Viewing the Post-Mortem

  1. After closing an incident, the AI begins generating the post-mortem automatically.
  2. Navigate to the Postmortem tab on the incident detail page.
  3. The UI updates in real-time as the AI generates each section.
  4. Once complete, review the post-mortem for accuracy and completeness.

You can also manually regenerate the post-mortem from the incident detail page if you update incident notes or add new information after the initial generation.

Data Quality Matters

The post-mortem quality depends on the completeness of your incident record. If the AI lacks sufficient data for any section, it will state this clearly rather than fabricating content. Enable the AI Scribe Agent early in the incident to capture comprehensive timeline data.

Review AI Scribe Outputs

The AI Scribe Agent works alongside you during the incident and generates outputs automatically:

  • AI Summary: A synthesized summary of the incident drawn from channel conversations, status changes, and key events.
  • Timeline: A structured timeline reconstructed from incident activity.
  • Key Events: Significant discoveries, mitigation actions, and decisions identified from communications.

Access these from the AI Summary and Timeline sections on the incident details page.

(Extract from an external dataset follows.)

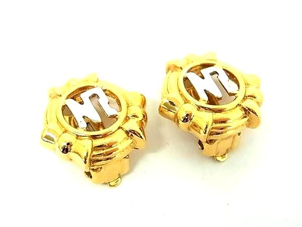 ■極美品■ NINA RICCI ニナリッチ クリップ式 イヤリング アクセサリー レディース ゴールド系×シルバー系 DD7925

Review them for accuracy and completeness — they're generated from what was captured during the incident, so the quality of your real-time documentation directly affects the quality of these outputs.

AI Summary timeline

Contribute to Post-Incident Learning

Resolving the incident is the end of the immediate response, but the beginning of the learning cycle:

  • Complete your action items — Follow through on the tasks assigned to you within their deadlines. Check the Action Items tab periodically.
  • Participate in the retrospective — Bring your perspective on what happened, what went well, and what could be improved. The AI Scribe draft gives the team a head start, but human context is essential.
  • Flag runbook improvements — If a runbook was missing steps, had outdated instructions, or didn't cover the scenario you encountered, let your administrator know so it can be updated.
  • Share knowledge — If you learned something that would help the broader team (a new debugging technique, a service behavior you didn't expect, a monitoring gap), communicate it through your team's usual channels.